Tuesday 27 March 2018

A Kenyan author examines his life and times in 'Wrestling With the Devil'

Ngugi wa Thiong’o is author of
BY KARAMAGI RUJUMBA - 24.03.2018
In 2013, five of the more than 5,000 Kenyans tortured in detention camps during the fight to reclaim their land and self-rule from the British won a landmark ruling in the high court of the United Kingdom, which ordered its government to pay 19.9 million pound sterling in costs and compensation to those who suffered in its detention camps in Kenya.
Yet, William Hague, the then British foreign secretary told the House of Commons that his government would continue to deny liability for the actions of its colonial administration in Kenya (1895-1963) and would defend itself against claims brought from other former colonies. Such is the nature of the boldface cognitive dissonance that typified the British colonial experiment around the world.

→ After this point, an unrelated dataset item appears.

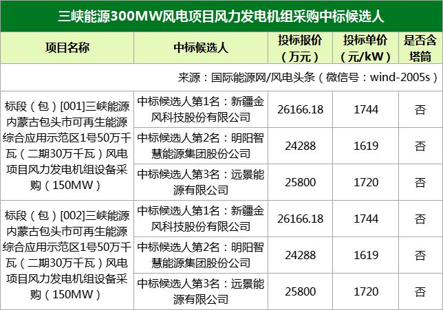 三峽能源內(nèi)蒙古包頭市可再生能源綜合應(yīng)用示范區(qū)1號50萬千瓦(二期30萬千瓦)風(fēng)電項目分為兩個標(biāo)段,標(biāo)段一和標(biāo)段二中標(biāo)候選人分別為金風(fēng)科技、明陽智能、遠(yuǎn)景能源。

"WRESTLING WITH THE DEVIL: A PRISON MEMOIR"
By Ngugi wa Thiong’o
The New Press ($25.99)

Ngugi wa Thiong’o, the acclaimed writer, scholar and playwright, lived under the British colonial regime in Kenya for the first 25 years of his life. In “Wrestling With the Devil: A Prison Memoir,” Mr. wa Thiong’o, currently a Distinguished Professor of English and Comparative Literature at the University of California, Irvine, adds yet another important book to his literary canon, where he deconstructs the language of colonialism, as much as he continues pounding away at the ills of capitalism, religion and the neocolonial estate as tools of subjugation.
In colonialism, language is the first victim. In Kenya, for example, the elderly victims recently compensated by Britain were called freedom fighters of the Kenya Land and Freedom Army. The white British settlers derisively called them Mau Mau rebels. The history and culture of this epic battle between the white settlers who saw Kenya and much of their African colonies as getaways for their sordid trysts — and the awakening of the oppressed Africans to wrestle colonial rule off them is one of the running themes so well documented in this book.
It is at once a gripping account of endurance through the mental torture that is detention without trial, an indictment of the British colonial system and the savage ways in which white settlers crushed the spirit of all aspects of Kenyan life. Ultimately, it is a book on the act of writing and how the transcendent power of art can itself be a form of defiance.
“I remind myself that the state has sent me here for my brain to melt into a rotten mess, and suddenly I feel the call to spiritual battle against its bestial purposes,” writes Mr. wa Thiong’o.
Culled from the notes of a previous book, “Detained: A Writer’s Prison Diary,” published in 1982, the drama in “Wrestling With the Devil,” revolves around the struggle to be creative within the confines of the humdrum nature of prison life, a flashback on the events and activities that landed him in prison, and a look at how the injustices of colonialism continued well after its official end in Kenya.
Detained without trial by the Kenyan government from Dec. 30, 1977, to Dec. 12, 1978, the author wrote “Devil on the Cross,” in his native language, Gikuyu, “as a challenge to myself, a way of affirming my faith in the possibilities of the languages of all the different Kenyan nationalities, languages whose growth as vehicles for people’s struggles and development had been actively suppressed by the British colonial regime.”
Narrated as a flashback, Mr. wa Thiong’o’s memoir opens on the night he is released from the infamous Kamiti Maximum Security Prison, where he was sentenced. There, he joined other political prisoners after the authoritarian one-person, one-party rule of the government of Kenya at the time banned a community theater project, for which he co-authored a play, “Ngaahika Ndeenda.”
It was later translated into English as “I Will Marry When I Want,” and the state feared the play was an effort in community organizing as much as it was meant to awaken the consciousness of the masses to the rampant corruption and cynicism that undergirded the state of postcolonial Kenya.
“At midnight, December 30, 1977, they took me from my home and led me to Kamiti Maximum Security Prison in chains. For a whole year, I was to remain in cell 16 wrestling with multifarious demons in the dry wilderness of Kamiti Prison, contemplating the two dialectically opposed traditions of Kenyan history and culture and colonial aesthetics. They had raised colonial Lazarus from the dead,” he writes. “Who will bury him?”
Colonial Lazarus lives on through the corruption of the best, the once gallant freedom fighters who took on the oppressor only to become oppressors themselves. Mr. wa Thiong’o’s ideological leanings against capitalism and religion as tools of the colonizer drip off these pages. And yet as one considers the state of modern Africa, one wonders whether the colonial project has ever truly ended.